The Czech capital, Prague is one of the most attractive cities in Europe in terms of tourism. The magnificent Old Town, the royal castle towering on the hill with the cathedral of St. Vitus and the Charles Bridge connecting them over the Vltava waters are pictures that attract hundreds of thousands of tourists every year.
At the beginning of the 9th century, in the place of today's Hradčany, Przemyślida founded the capital of their country. The growing stronghold leaned on the Vltava, but soon crossed it. After establishing the New Town and connecting both banks with a bridge, Prague was the largest city north of the Alps in the 14th century. The city's duality visible in its buildings has survived to this day.
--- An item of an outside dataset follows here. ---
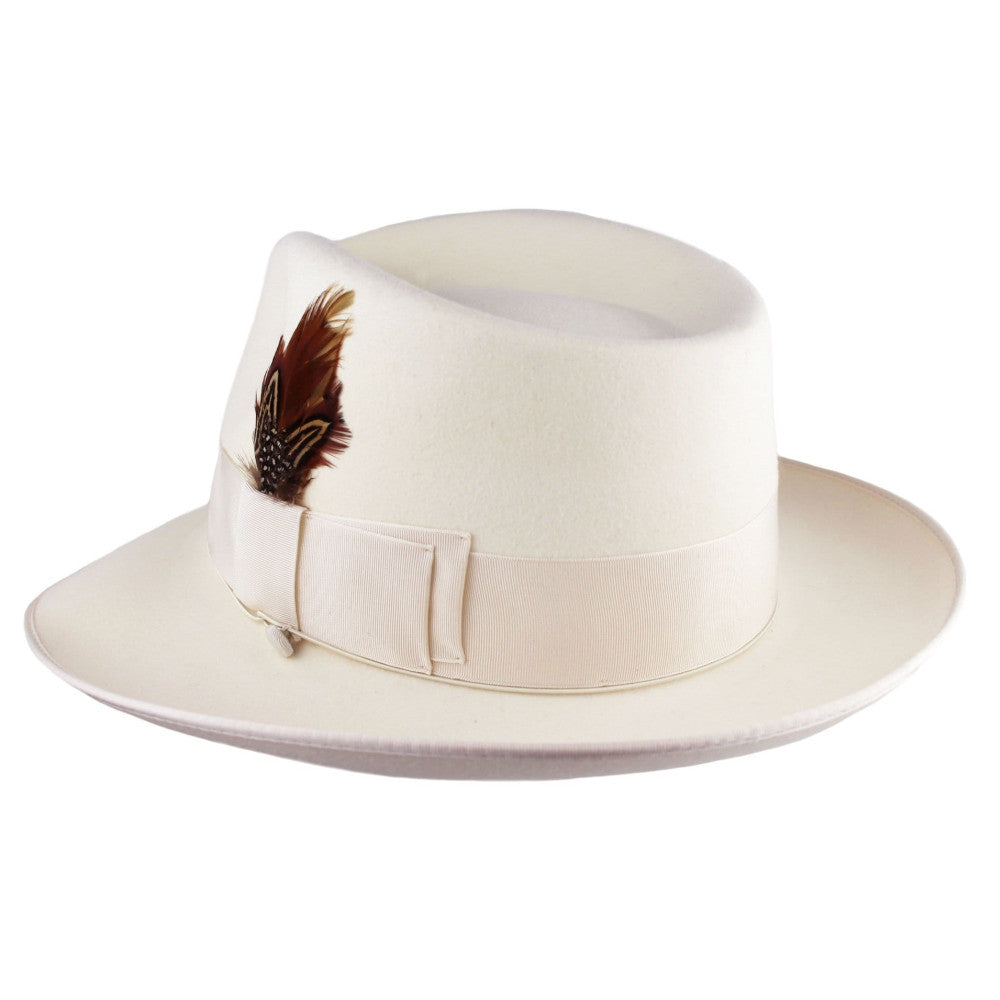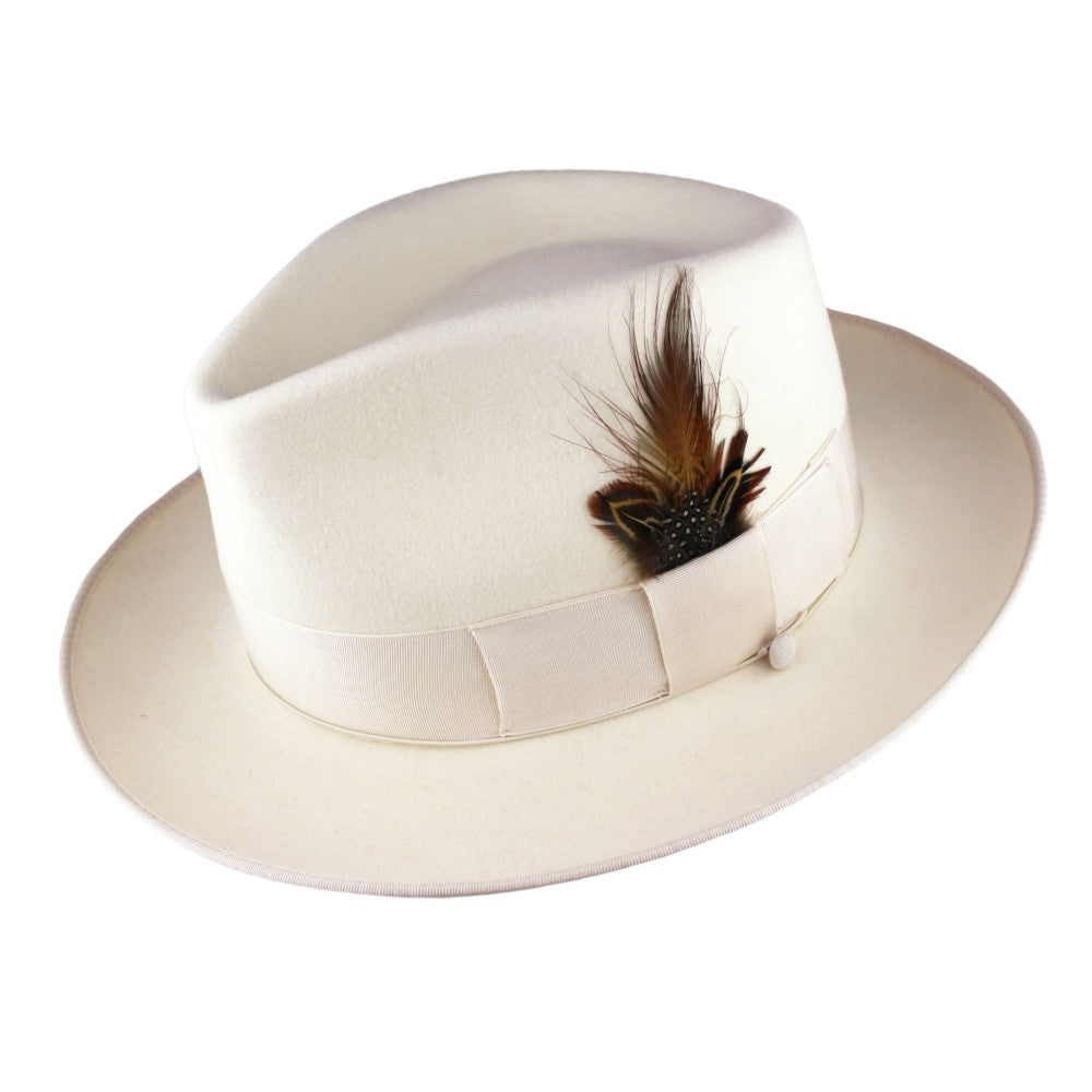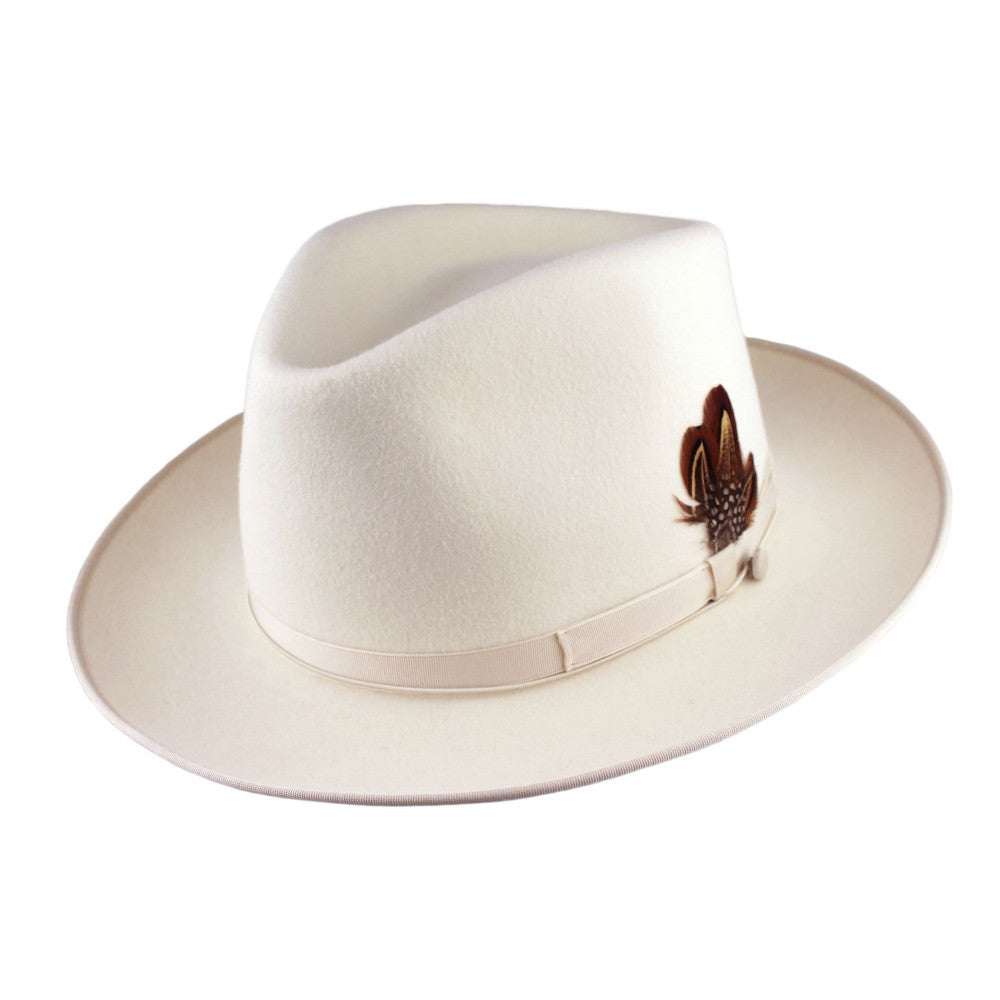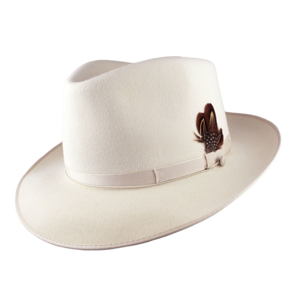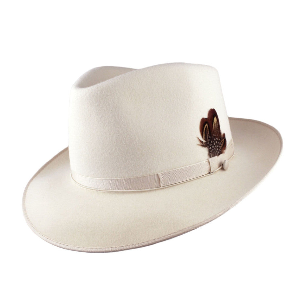 A classic fedora made of genuine fur felt complimented with a sleek grosgrain band and a 2 1/2" brim. Finished with a hand sewn bound edge, and wind-cord for those blustery days. The crown is blocked in the teardrop shape for those seeking a lower profile.100% Fur Felt

Monumental, standing on the hill Hrad is a royal and episcopal city, with the Palace extended until the Habsburg times and the soaring towers of the Cathedral of St. Wit. Deep inside the courtyards, slightly hidden from view, there are other wonderful monuments of this area, the Romanesque basilica of St. George or the picturesque Golden Street, where alchemists lived in the past, and later Franz Kafka.
The foot of Hrad, whose slopes are overgrown with beautiful gardens, Mała Strana and the Old Town located on the other side of the Charles Bridge are already a bourgeois town. Narrow streets, tenement houses with Renaissance, Baroque and Classicist facades, Gothic and Baroque churches and, above all, a huge market square with the town hall, on the wall of which the astronomical Orloj clock was placed, are places filled with tourists at any time of the year. From here, only a few steps to the wide pedestrian street Vaclavske Namestie with fashionable shops and restaurants, which is finished with a monumental building of the National Museum.
If you want to get to know a little different Prague, you should go to Josefov, a former Jewish district that was one of the few in Europe that survived World War II almost without damage.